Dann müsste es in der apache2.conf stehen oder es gibt Include in conf.d, kann ich so aus dem Kopf nicht sagen, da ein Teil meiner Systeme hier upgedatete Sarge Systeme sind, und da war es noch anders geregelt.


----------



## planet_fox (24. Juli 2008)

ok, beim mir sinds upgrade from sarge to etch


----------



## planet_fox (24. Juli 2008)

also in der conf.d is nur die apache-doc


----------



## Till (24. Juli 2008)

Mit:

AddDefaultCharset       ISO-8859-1

sollte es ok sein. Die Zeile mit utf8 würde ich dann rausnehmen.


----------



## planet_fox (7. Aug. 2008)

hm, ok das hab ich gemacht ohne grossen erfolg.

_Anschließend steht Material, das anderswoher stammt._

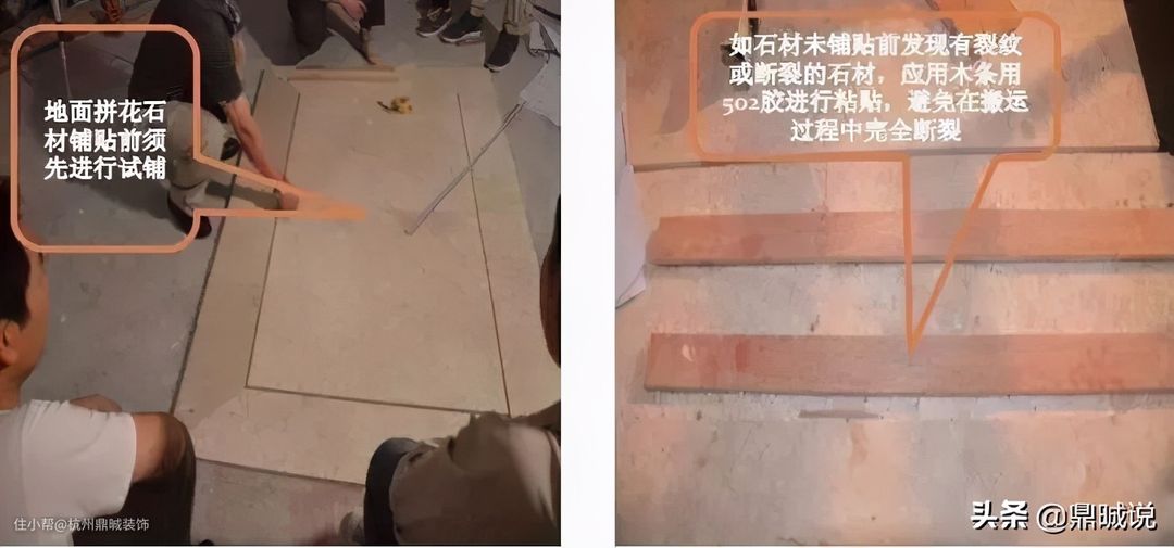 4、石材在铺贴前应进行试拼,出现颜色或纹理错乱时应进行挑选,必要时要求厂家更换。

Auf Datenbankgestützten seiten hab ich zwar auch so ein problem mit umlauten aber dort denke ich das es probleme sind von mysql, da die datenbanken importiert wurden von anderen servern. ich beobachte mal das ganze. ich auch festgestellt das auf manchen seitzen im quelltext ü ö.. steht statt &auml; ... .

Desweiteren was hast du standartsmässig bei der my.cfn drin


----------